The ODMs for Ethernet switches do not have anywhere close to the same kind of market share as the ODMs in the server racket have – thanks in large part to the hyperscalers and cloud builders. While these big companies are fine with designing their own servers and storage, they are less comfortable with messing about with their networking gear. As long as the network operating system and software development kit are separated from the hardware and available for them to use and tweak as they see fit, most hyperscalers and cloud builders are fine with buying commercial switches, apparently. For now, at least. This could change.

Datacenter switch revenues, according to IDC, accounted for $2.88 billion, or 43.1 per cent of the whole market, but at only 22.4 million ports, accounted for only 13 per cent of total ports shipped in the quarter. There is a lot of business out there in the campus networks of the world – $3.79 billion and 150.2 million ports – and that is one reason why datacenter switch upstart Arista Networks created a line of campus switches to take on the hegemony of Cisco in this sector of the switch space a few years back.

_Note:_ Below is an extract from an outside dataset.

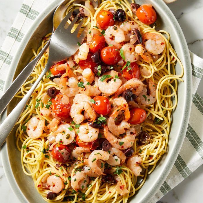 From the Recipe Creator: I throw together these bold ingredients for a feisty seafood pasta. —Lynda Balslev, Sausalito, California

Add it all up, and the Ethernet switching market is on a slow and steady sawtooth curve up and to the right, which is a good thing for the vendors who play there. The market for routers is somewhat challenged and has been relatively flat, with some quarterly ups and downs that follow server buying trends.

In the first quarter. Ethernet switch revenues (including datacenter and campus devices) rose by 8.4 per cent to $6.68 billion, while Ethernet router sales rose by 14.5 per cent to $3.42 billion.